DESCRIPTION OF THE TASK
Could you output exactly the lines running from the one containing "地上31階から36階が客室と" to the final line of the listing below, leaving out pictures?

SUPPLIED MATERIAL
- - -
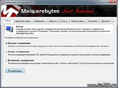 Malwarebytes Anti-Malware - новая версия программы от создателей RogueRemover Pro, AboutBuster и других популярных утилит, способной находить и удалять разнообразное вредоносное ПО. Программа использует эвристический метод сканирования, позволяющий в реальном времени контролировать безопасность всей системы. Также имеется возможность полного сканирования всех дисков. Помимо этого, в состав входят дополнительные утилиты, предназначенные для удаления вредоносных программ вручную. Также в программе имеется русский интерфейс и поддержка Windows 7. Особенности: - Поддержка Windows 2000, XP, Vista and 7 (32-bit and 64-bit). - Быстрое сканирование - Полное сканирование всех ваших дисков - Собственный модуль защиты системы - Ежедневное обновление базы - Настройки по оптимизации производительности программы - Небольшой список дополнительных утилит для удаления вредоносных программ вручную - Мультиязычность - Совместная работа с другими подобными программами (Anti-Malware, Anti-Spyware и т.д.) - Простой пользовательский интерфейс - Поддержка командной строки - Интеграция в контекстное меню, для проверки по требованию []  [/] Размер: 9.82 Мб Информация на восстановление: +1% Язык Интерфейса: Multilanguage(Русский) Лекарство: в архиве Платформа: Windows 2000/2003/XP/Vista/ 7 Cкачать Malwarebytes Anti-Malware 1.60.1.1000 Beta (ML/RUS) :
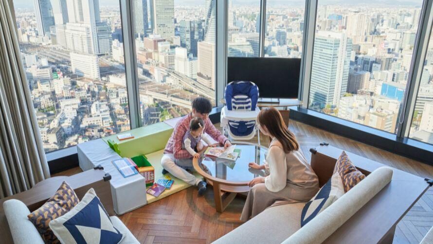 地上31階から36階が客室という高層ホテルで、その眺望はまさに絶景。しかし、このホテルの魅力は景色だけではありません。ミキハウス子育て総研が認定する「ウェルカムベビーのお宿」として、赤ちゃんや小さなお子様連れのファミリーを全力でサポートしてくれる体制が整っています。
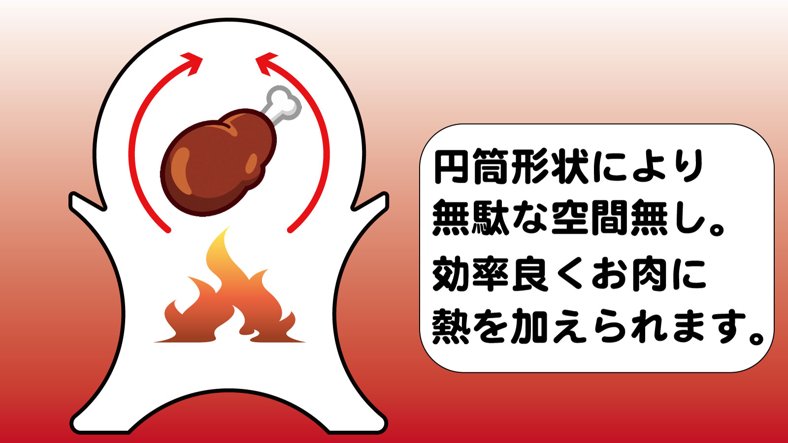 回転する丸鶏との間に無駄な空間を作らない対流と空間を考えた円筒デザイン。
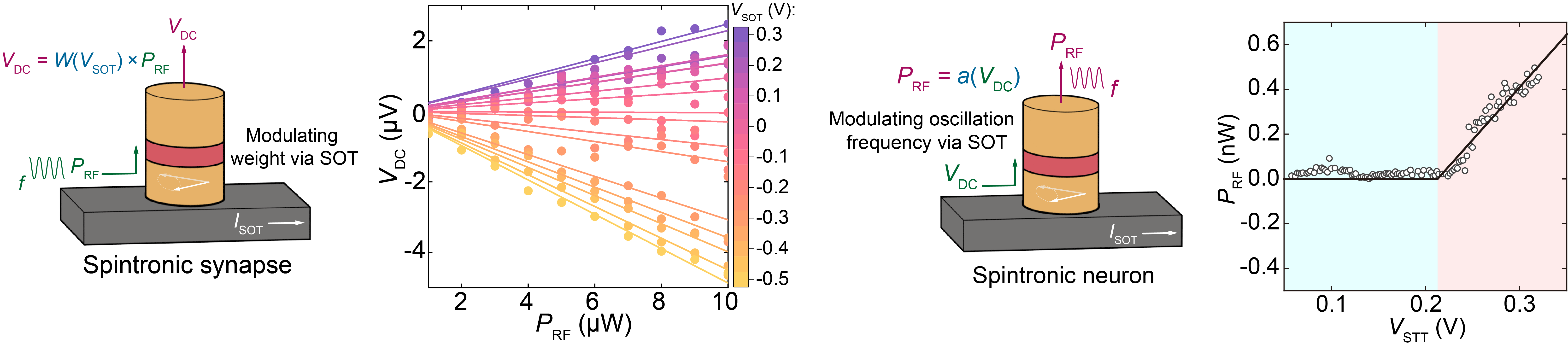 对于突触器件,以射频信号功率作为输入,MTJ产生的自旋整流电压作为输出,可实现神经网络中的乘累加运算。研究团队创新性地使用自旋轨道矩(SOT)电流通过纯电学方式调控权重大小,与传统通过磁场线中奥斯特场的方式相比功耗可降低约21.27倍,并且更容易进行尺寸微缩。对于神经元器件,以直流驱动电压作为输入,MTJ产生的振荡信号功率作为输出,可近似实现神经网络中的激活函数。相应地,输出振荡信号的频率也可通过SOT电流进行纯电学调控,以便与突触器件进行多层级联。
- - -
WRITTEN SOLUTION
 地上31階から36階が客室という高層ホテルで、その眺望はまさに絶景。しかし、このホテルの魅力は景色だけではありません。ミキハウス子育て総研が認定する「ウェルカムベビーのお宿」として、赤ちゃんや小さなお子様連れのファミリーを全力でサポートしてくれる体制が整っています。
 回転する丸鶏との間に無駄な空間を作らない対流と空間を考えた円筒デザイン。
 对于突触器件,以射频信号功率作为输入,MTJ产生的自旋整流电压作为输出,可实现神经网络中的乘累加运算。研究团队创新性地使用自旋轨道矩(SOT)电流通过纯电学方式调控权重大小,与传统通过磁场线中奥斯特场的方式相比功耗可降低约21.27倍,并且更容易进行尺寸微缩。对于神经元器件,以直流驱动电压作为输入,MTJ产生的振荡信号功率作为输出,可近似实现神经网络中的激活函数。相应地,输出振荡信号的频率也可通过SOT电流进行纯电学调控,以便与突触器件进行多层级联。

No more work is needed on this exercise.